* _ACTIVITY_: Produce a word-for-word copy of the line that contains "Die Kulinaris Card" and each line after it through the end of the material, omitting pictures and all other lines.
━━━ INFORMATION SHOWN
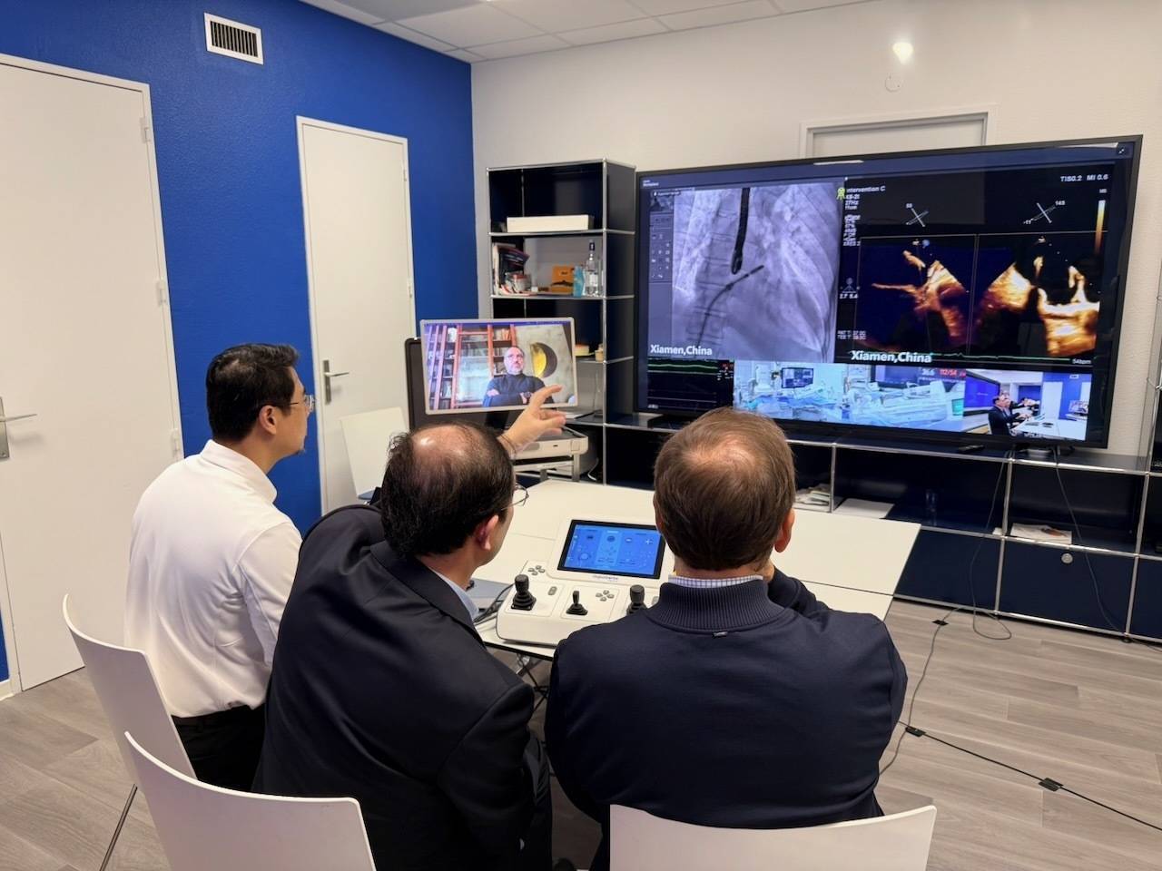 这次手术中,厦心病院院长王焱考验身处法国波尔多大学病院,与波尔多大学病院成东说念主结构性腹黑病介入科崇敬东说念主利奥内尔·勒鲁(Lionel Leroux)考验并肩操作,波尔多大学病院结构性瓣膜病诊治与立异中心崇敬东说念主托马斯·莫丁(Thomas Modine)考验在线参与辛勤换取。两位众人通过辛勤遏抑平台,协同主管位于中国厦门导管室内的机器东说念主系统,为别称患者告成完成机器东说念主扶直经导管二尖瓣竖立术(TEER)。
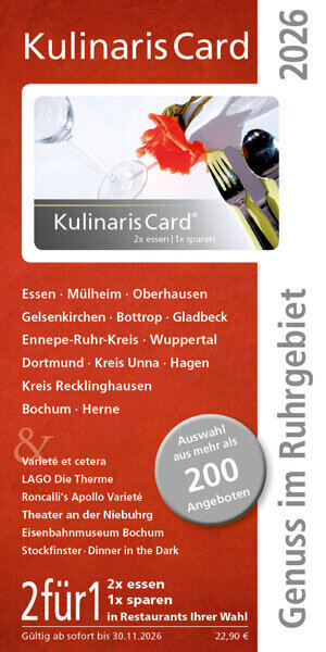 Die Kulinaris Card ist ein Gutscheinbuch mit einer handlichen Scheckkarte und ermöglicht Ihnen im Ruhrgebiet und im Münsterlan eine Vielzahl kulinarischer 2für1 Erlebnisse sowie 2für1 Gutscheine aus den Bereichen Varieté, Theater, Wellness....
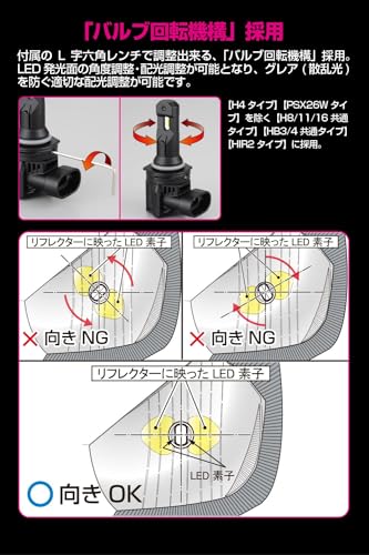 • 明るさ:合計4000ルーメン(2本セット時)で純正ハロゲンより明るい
━━━━━━
* _OUTPUT FOR THIS EXERCISE_:
 Die Kulinaris Card ist ein Gutscheinbuch mit einer handlichen Scheckkarte und ermöglicht Ihnen im Ruhrgebiet und im Münsterlan eine Vielzahl kulinarischer 2für1 Erlebnisse sowie 2für1 Gutscheine aus den Bereichen Varieté, Theater, Wellness....
 • 明るさ:合計4000ルーメン(2本セット時)で純正ハロゲンより明るい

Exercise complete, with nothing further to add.